Using patient derived induced-pluripotent stem cells (iPSC) to define the role of pathogenic DNMT3A mutations in Tatton-Brown-Rahman Syndrome (TBRS)

Using patient derived induced-pluripotent stem cells (iPSC) to define the role of pathogenic DNMT3A mutations in Tatton-Brown-Rahman
Syndrome (TBRS)


Serge Mc GRAW, PhD

Research Scientist, Embryonic and Developmental Epigenetics Lab, Centre de Recherche du CHU Ste-Justine
Assistant Professor, ​ Department of Obstetrics and Gynecology, Faculty of Medicine, Université de Montréal

Abstract

Rare germline heterozygous mutations in functional DNMT3A (DNA methyltransferase 3A) domains cause an overgrowth intellectual disability syndrome called Tatton-Brown-Rahman Syndrome (TBRS). DNMT3A is essential for establishing DNA methylation marks, epigenetic modifications implicated in gene regulation and genome stability, that are crucial to establish and maintain proper cellular identity. We remain unaware of how pathogenic sequence variants in human DNMT3A contribute to alterations in molecular and cellular processes at the origin of the neurodevelopmental disorders observed in TBRS patients.

Using cells from two TBRS patients carrying different single mutations in the methyltransferase domain of DNMT3A (DNMT3A+/mut), as well as control patients (DNMT3A+/+), we generated induced-pluripotent stem cells (iPSC), derived these cells into neuronal progenitor cells (NPC) and terminally differentiated neurons to uncover the impacts of pathogenic DNMT3A haploinsufficiency during brain cell development. We show that DNA methylation and gene expression alterations present in DNMT3A+/mut iPSC are exacerbated during the progression into NPC. A significant number of these alterations are conserved between mutations, pointing towards common pathways targeted by the PRC2 repressive complex (Polycomb 2 repressive complex). When we further differentiate DNMT3A+/mut into cortical neurons, the neurons show significant expression alterations associated with key genes (eg., NEUROD1, FOXJ1, PAX6, PAX7) regulating brain development and cell fate commitment, and related to characteristic phenotypes observed in TBRS patients.
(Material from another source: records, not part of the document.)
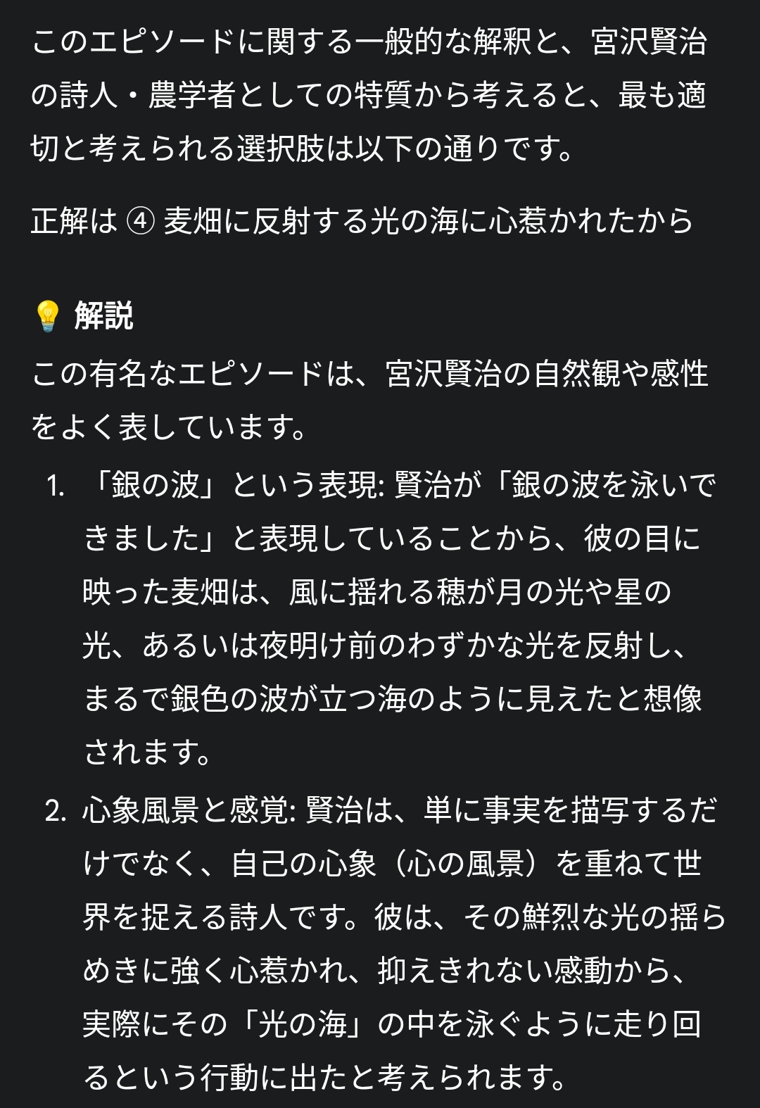 これは宮沢賢治の心情を予想する問題やなくて「銀の波」という比喩表現を正しく理解できてるかを問う問題なんや
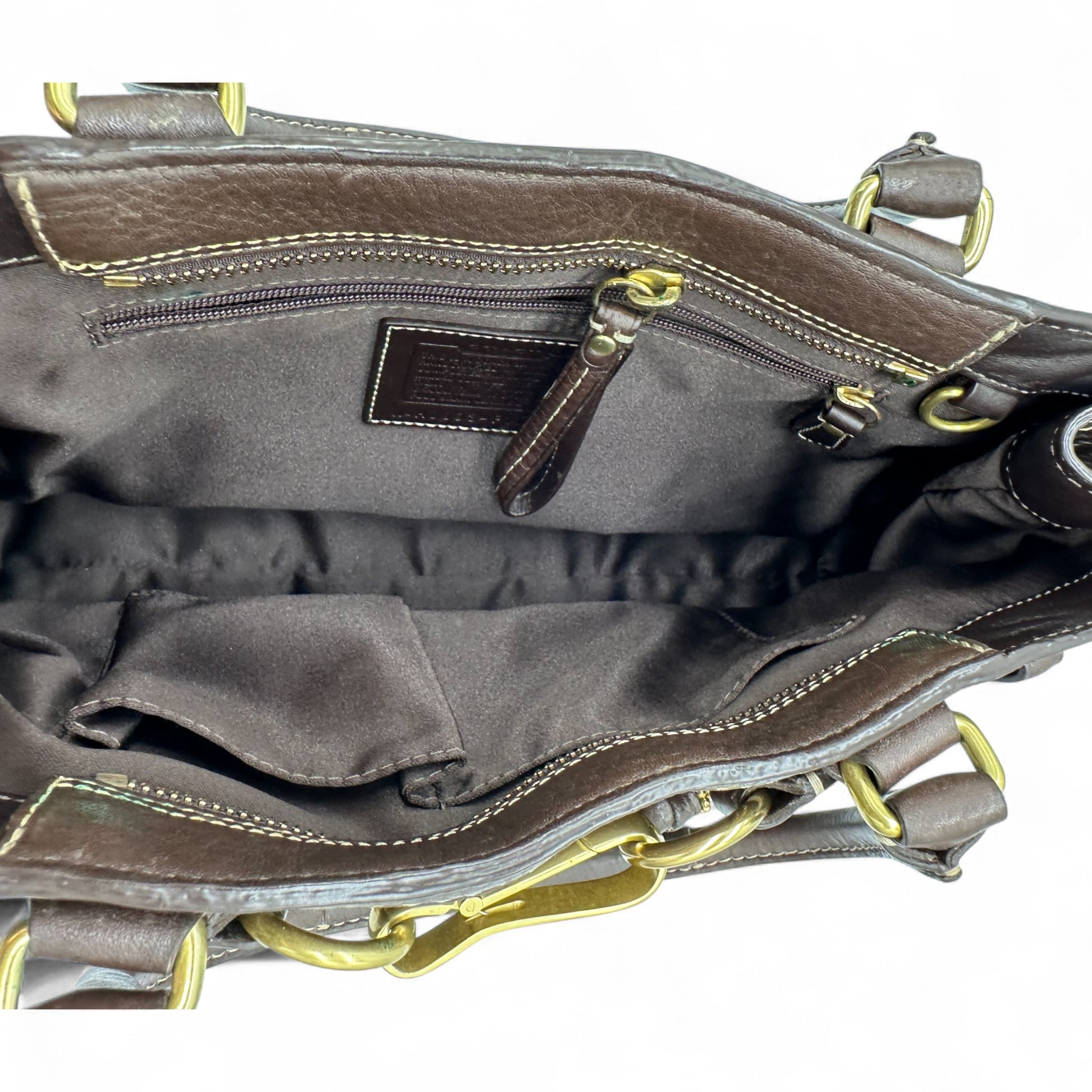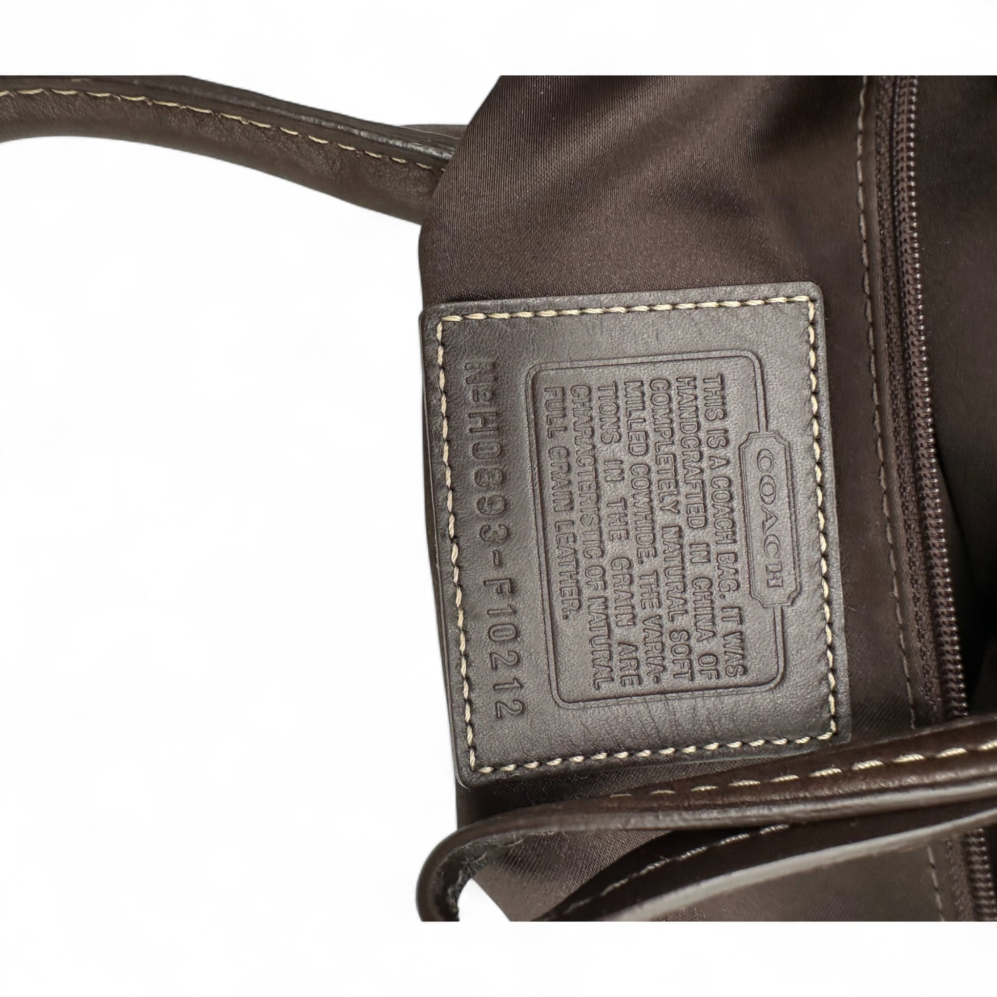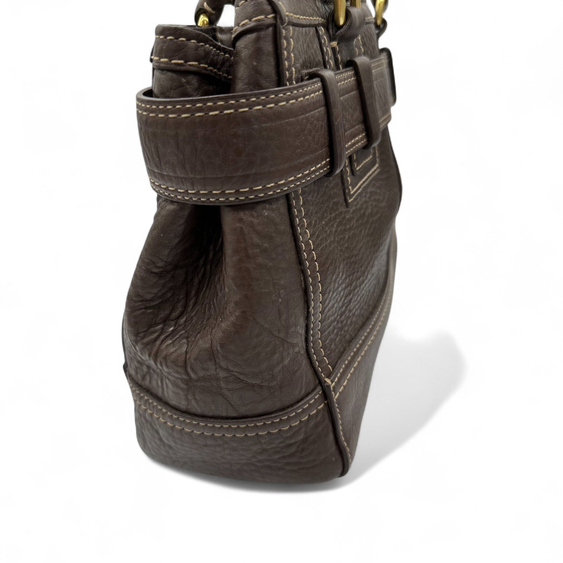 Vintage Coach F10212 Hamptons Handbag. In chocolate brown soft milled pebbled leather, with brass horsebit clip hardware. Can be used as a handbag or comfortably worn as a shoulder bag.
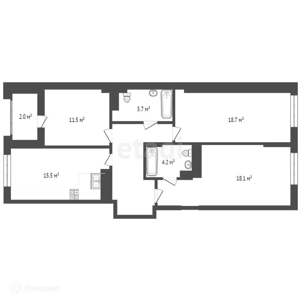 3-комнатная квартира, 88.4 м2, этаж 6 / 7, на продажу в Набережных Челнах, улица Николая Иванцова, 9
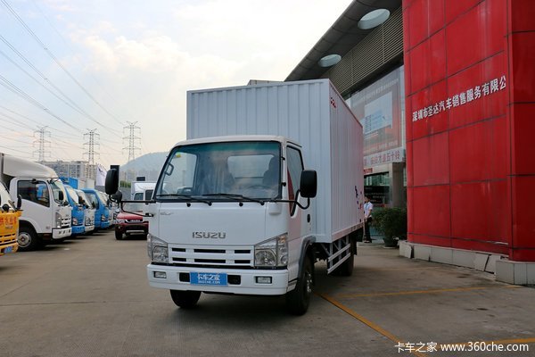 这款100P在外观方面最明显的就是改用了竖式大灯,采用的中网使其看起来更贴近五十铃卡车的家族脸谱。前脸的“ELF”和“ISUZU”更是代表着身份的象征,和600P相比起来风格则更加简单直观。
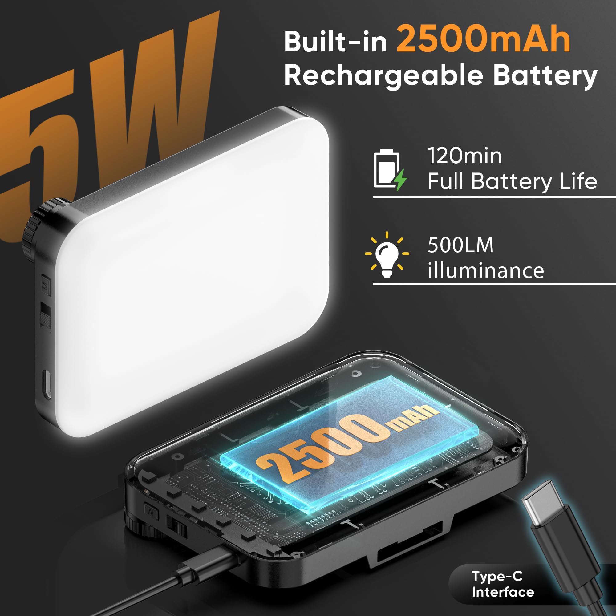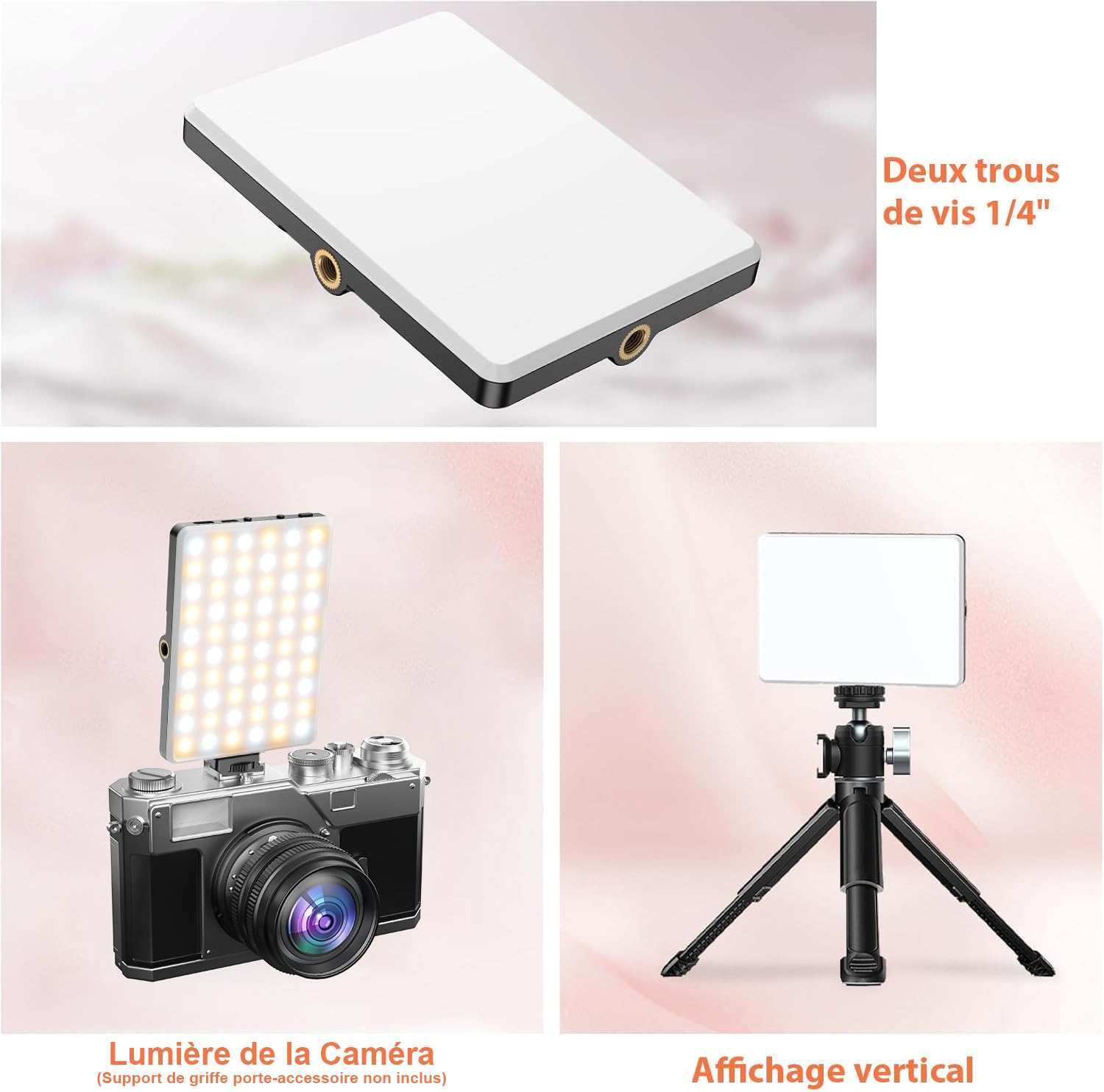 Lampe vidéo LED RVB 5 W pour streaming en direct YouTube Tiktok, 2800 K-6800 K à intensité variable, télécommande par application, batterie intégrée de 2000 mAh (jaune Lampe ICR 95 Température Variable Lampe à Selfie 2500 MAh à Clipser, 5 W Portable à Intensité Variable Luminaire TikTok Vlog EXTENSILO Batterie compatible avec DeltaFox Grizzly 2040, 2020... Plus lumineuse et plus puissante : la lampe à selfie BDDFOTO offre une puissance réelle de 5 W et 500 lumens, plus lumineuse que de nombreuses lampes traditionnelles de 4 W Sortie 5 W plus lumineuse : plus forte que de nombreux modèles de 4 W, offrant jusqu'à 500 lumens pour un éclairage clair et vibrant dans n'importe quel... Utilisation polyvalente : idéale pour les visioconférences, les tutoriels de maquillage ou les diffusions en direct sur TikTok, pour un éclairage toujours parfait Luminosité et couleur réglables : intensité variable en continu de 10 % à 100 %, avec IRC ≥ 95 pour un rendu naturel des couleurs et 3 températures de couleur (3000 K, 4500 K, 6500 K)
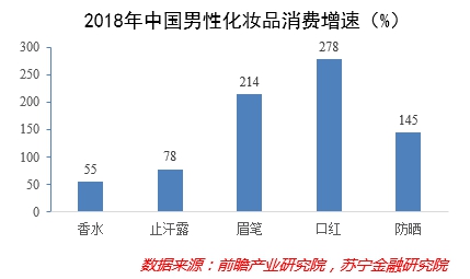 就我国而言,据《2019年颜值经济报告》显示,男性化妆品中口红的消费增速达到了278%,越来越多的男士开始使用口红、眉笔、防晒和面膜等男性化妆品;2018年男士专用品牌的同比增速达到了56%,很多化妆品公司专门为男性消费者开发男士专用脸部护肤套装、洁面乳、乳液乳霜、专用面膜、BB霜和CC霜等。此外,在服装领域,男性消费者也显露出极强的消费潜力。

Our data suggest that, as pluripotent cells undergo cellular differentiation and lineage commitment, the negative impact of pathogenic DNMT3A mutations on the distribution of DNA methylation marks and gene expression profiles intensifies, thus potentially altering cell fate and contributing to the developmental outcomes observed in TBRS patients.


Biography

Dr. Serge McGraw is an Associate Professor in the Department of Obstetrics and Gynecology at the Université de Montréal (Montréal, Canada).  His principal research interests are focused on the harmful developmental outcomes caused by epigenetic instabilities arising from alterations in DNA methylation profiles during early embryogenesis. By combining in vitro stem cell (mES, patient iPS) models as well as in vivo mouse models with multi-omics sequencing approaches, his laboratory aims at understanding how perturbations in the early embryonic program may lead to epigenetics errors driving in the occurrence of prenatal or after birth developmental disorders.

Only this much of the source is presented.